Driven in part by the technology and human factor trends, but also by an increasingly scientific understanding of operations processes, global business services (GBS) models are emerging. Capable of dematerializing the delivery of business processes, they have enabled the industrialization of business operations across many support functions. This drives not only greater efficiency, but more effective operations.

An example can be found in the finance department's time to report, which varies significantly between best-in-class and the lowest quartile. GBS drives standardization of policies and more productive operating frameworks that in turn leverage key metrics to produce faster cycle times and better business outcomes.

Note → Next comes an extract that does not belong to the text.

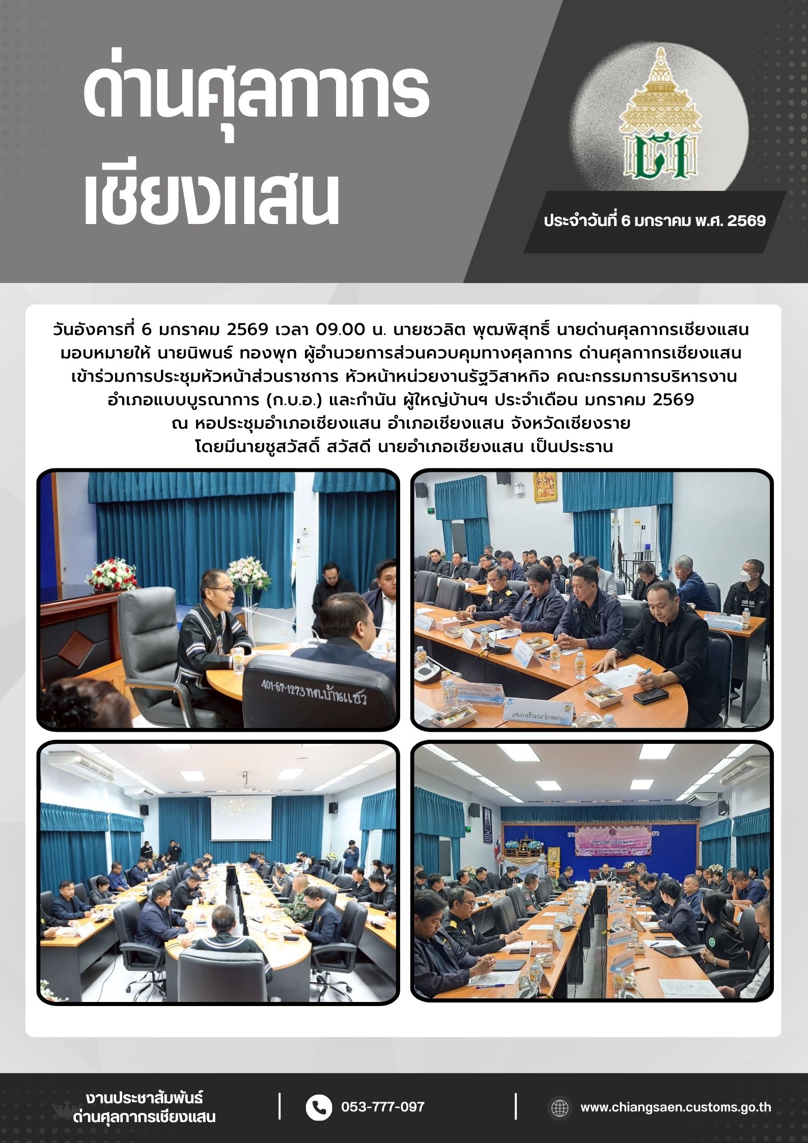 +++ด่านศุลกากรเชียงแสน เข้าร่วมการประชุมหัวหน้าส่วนราชการ หัวหน้าหน่วยงานรัฐวิสาหกิจ คณะกรรมการบริหารงานอำเภอแบบบูรณาการ (ก.บ.อ.) และกำนัน ผู้ใหญ่บ้านฯ ประจำเดือน มกราคม 2569 +++

Where Operations is Headed

Many companies already have some form of shared services or operating center. We foresee that the trend toward implementing some form of GBS and industrialized operations will continue, in conjunction with corporate and line-of-business counterparts. However, even as businesses expand and refine existing operations, they will fall short of maximum potential if these models continue to use outdated technology and human resources practices.

As we have seen, communications constraints are rapidly being overcome, which means that future changes in allocation of work will be driven more by economies of scale, available skills, cost arbitrage and process optimization that drive better collaboration throughout the organization. And even though until recently ERP and its related workflows have largely governed operations, newer technologies enable changes that can produce the much-needed agility and speed required to capitalize on opportunity and accommodate work that does not fit into ERP's neatly-defined workflows.

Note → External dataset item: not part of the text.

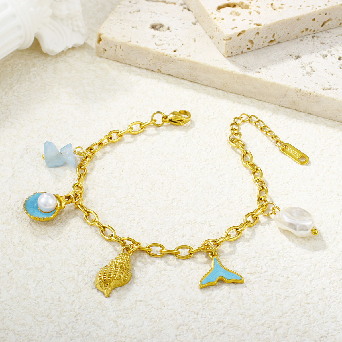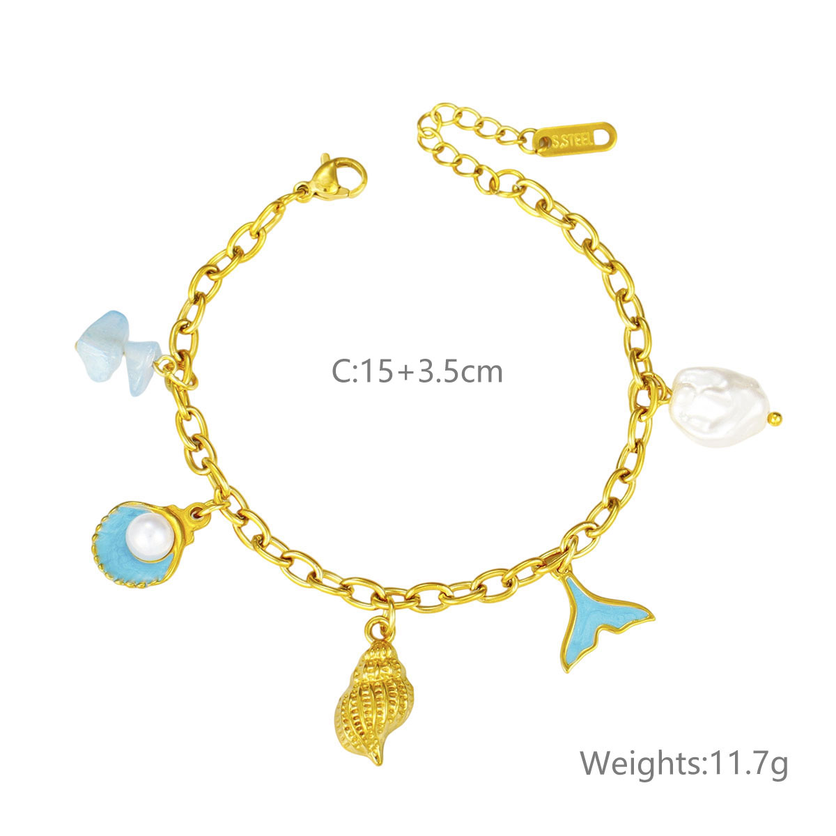 "波西米亚风金色海龟海星贝壳吊坠手链"

Supporting collaboration will also be a major focus of future operations. Human beings instinctively want to communicate face to face. Operations must support visual contact and sharing so that all parties can see and interact with a document simultaneously -- a collaboration environment that makes people feel as if they were sitting side by side as they work. Operations must also be able to answer key questions such as: What is relevant to a specific person at this moment? How is the team doing? Can the system detect peer pressure or the effects of stress on team efforts? Does it provide mobile support for managers moving between work locations?

Implementing operations that support such fluid collaboration will be critical. Operations must facilitate productivity no matter how distant the workers. The optimal environment will also enhance team management, enable better performance reviews, and facilitate one-on-one interaction. This globally connected model will ensure better knowledge sharing, training and faster answers to questions. Ideally, the operations staff need not be in proximity to the team's location in order to troubleshoot or effectively run day-to-day operations.

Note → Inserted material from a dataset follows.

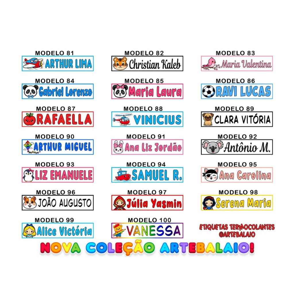 dentifique roupas e uniformes escolares de forma prática, bonita e duradoura! Escolha seu kit com 50,100,150,200 etiquetas termocolantes personalizadas (5x1cm) é perfeito para roupas de creche, escola, maternal e atividades esportivas. ✅ Vantagens das nossas etiquetas: Personalização com nome e personagem à sua escolha Resistentes à lavagem e secagem Fixação firme, não solta e não desbota Toque macio, não irrita a pele da criança Evitam perda de roupas e confusão de uniformes Fácil aplicação em casa, sem necessidade de costura 🛠️ Como aplicar (passo a passo): Recorte a etiqueta da cartela. Retire toda a água do ferro. Pré-aqueça o ferro seco (temperatura algodão – sem vapor). Posicione a etiqueta no local desejado (desenho para cima). Cubra com pano fino ou papel manteiga. Pressione o ferro parado sobre a etiqueta por 15 segundos. Caso necessário, repita aplicando pressão extra nos cantos. Aguarde esfriar e espere 24h antes da primeira lavagem. 📦 Informações do Produto: Contém: 1 cartela kit com 50,100,150,200 etiquetas (5x1cm) As etiquetas não vêm recortadas (recorte simples com tesoura) Personalização com nome e até 2 nomes (nome + sobrenome) Material: 100% Poliéster Impressão em tinta gel de alta fixação Desenhos delicados que embelezam e identificam a roupa ⚡ Observações Importantes: Após a compra, nos envie o nome e personagem desejado pelo chat. Para outros tamanhos e personagens, consulte-nos no chat antes da compra. ✨ Mais de 1.400 clientes já escolheram nossas etiquetas para identificar roupas com praticidade e segurança. Garanta já as suas!
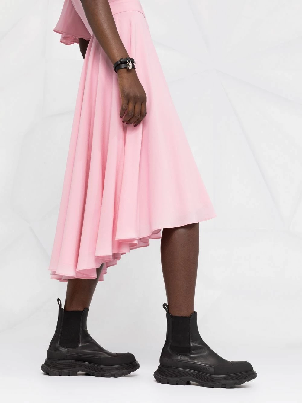 You can’t stop staring at this light pink silk dress from Alexander McQueen either, huh? With its flared mid-length skirt and matching flared short sleeves, it’s the perfect outfit for a soirée. Good thing that party is coming up, right?

Innovating for Growth and Agility

Industrialized business process operations are both the model of the future and achievable right now. Operations leaders must recognize the demands of a changing marketplace and evolving workforce and alter their operations to keep up. Rather than resist a globally distributed workforce, they can lower cost and enhance productivity and responsiveness by facilitating global collaboration.

An agile GBS model supported by modern technologies and scientific, standardized processes may very well be a key to continued competitiveness. The time has come for industrialized operations to be a discussion topic in many enterprise strategy conversations.